Discussion on: Even the Big Ones Mess Up

View post

You should always make a big fuss about mistakes which happen in production. Of course mistakes happen, but why didn't this mistake happen in Test or Acceptance. What do you need to fix to the way you go to production so that this does not happen again the next time.

Quite often production issues are the result of good enough mentality. The quality should be good, it does not have to be perfect. Something is good when it works, and you have proof that it works. It might not be the best in performance or scalability, but you know where its limitations are. And here is where something that is good can still fail in production. For example, in case of the Amazon issue they probably had in incorrect estimation of the surge of new devices. And that's fine. But if they did not even consider for it, and test for it. Then they deserve all the fuss that should be made about it.

In production there should only be two cases of issues which are (kind of) acceptable.

"Oh fuck!" Usually the result of somebody performing an explicit action, like deleting a file on the wrong server.
"That's interesting." Something happens which defies the world as you have defined it. These are usually the result of a user performing a combination or series of actions which where not accounted for in the logic.

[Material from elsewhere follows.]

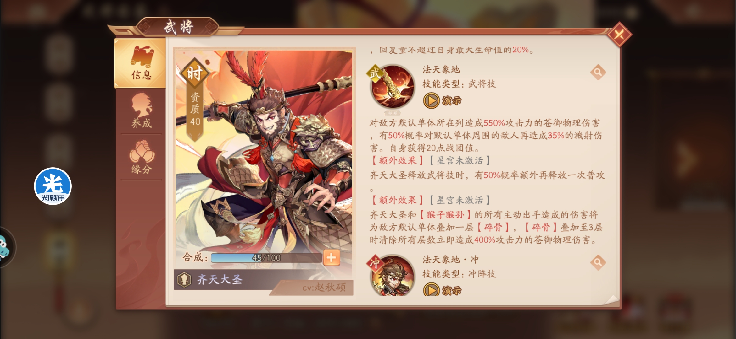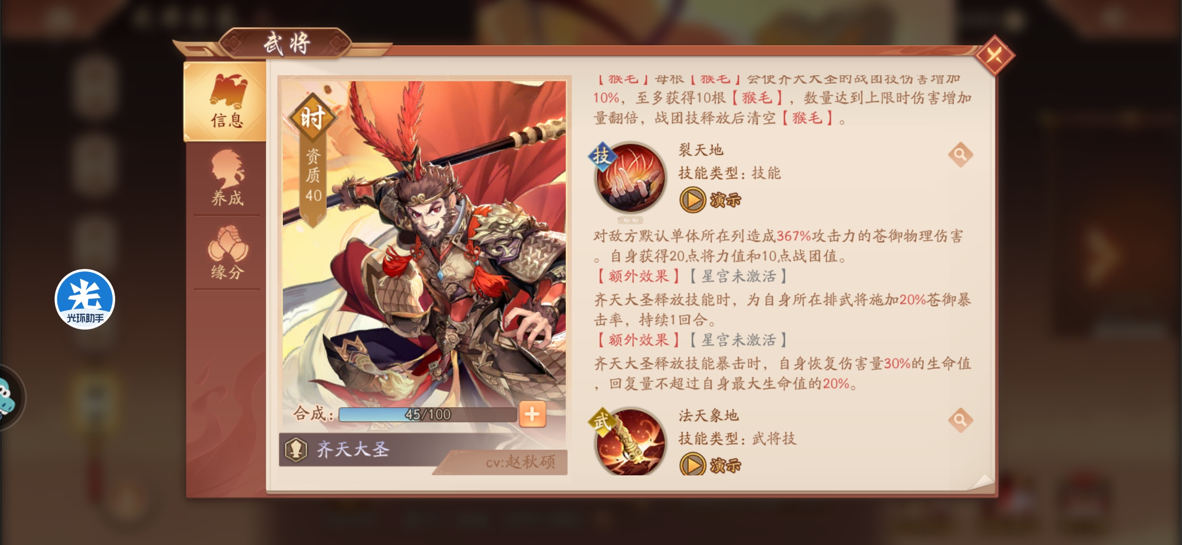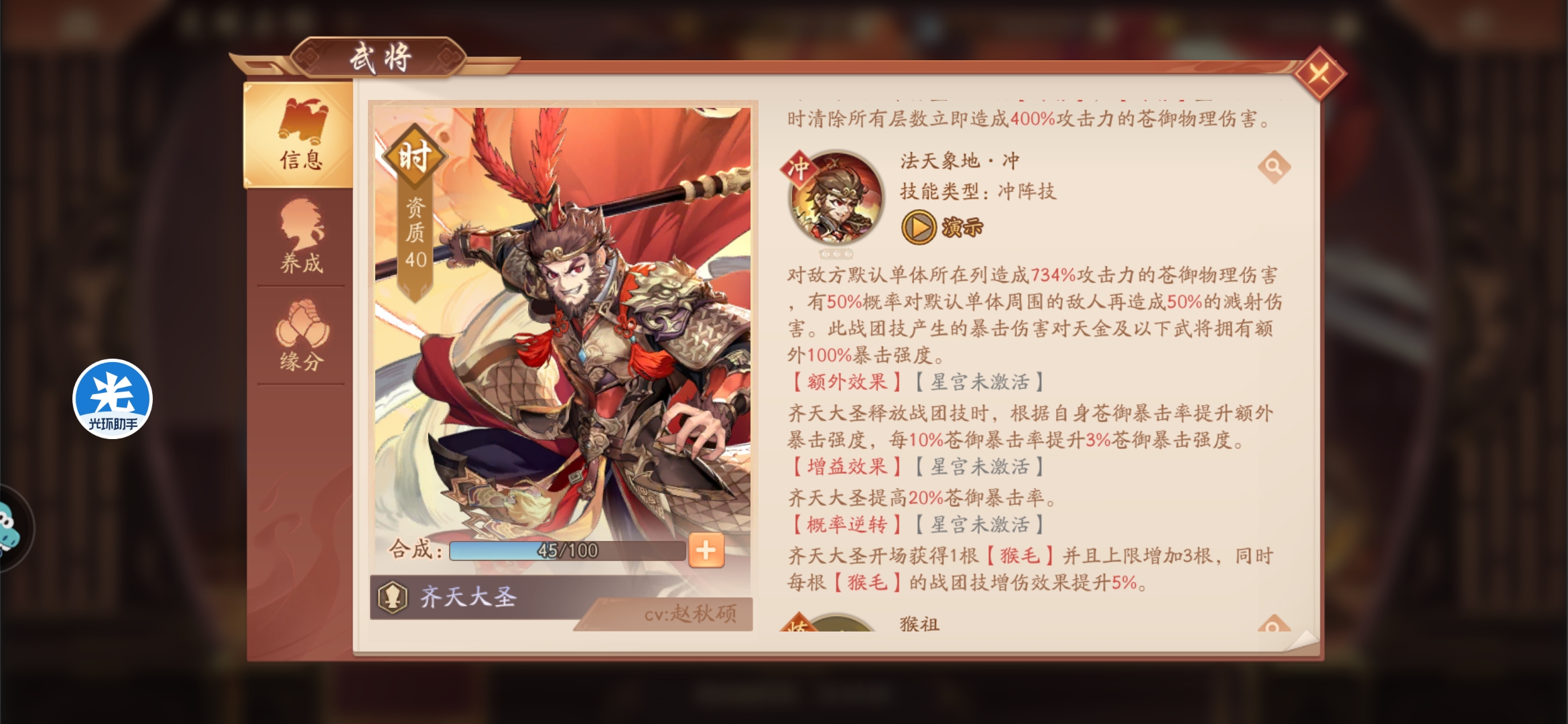 齐天大圣算是第一个将星宫也加入普攻的英雄,普攻来说也相对比较好理解,按照三国志回合制的攻击方式,普通攻击攻击到前三个武将都有50%的概率攻击到和被攻击武将同一列的后一个武将,造成的伤害为前者武将受到伤害的30%。猴毛就更容易理解,每根猴毛增加10%战团技伤害,最多十根猴毛,十根猴毛理论上增加100%战团技伤害,但达到上限伤害会再次翻倍,因此最多增加200%战团技伤害。

Both these issues are not really solvable. You can only reduce the number of occurrences. This is what defines your software/process maturity.
You can attempt to expose these problems by employing things like chaos engineering and fuzzing testing. But that only gets you so far. In fuzzing testing you generally only try to find the edge cases of a single unit. But for the "That's interesting" you probably need to invoke a whole series of edge cases.

Al Romano • Feb 12 '19

100% this. ^{^}

I'm now changing incident report reasons to "Oh Fuck" and "That's interesting...".

So. Much. Yes.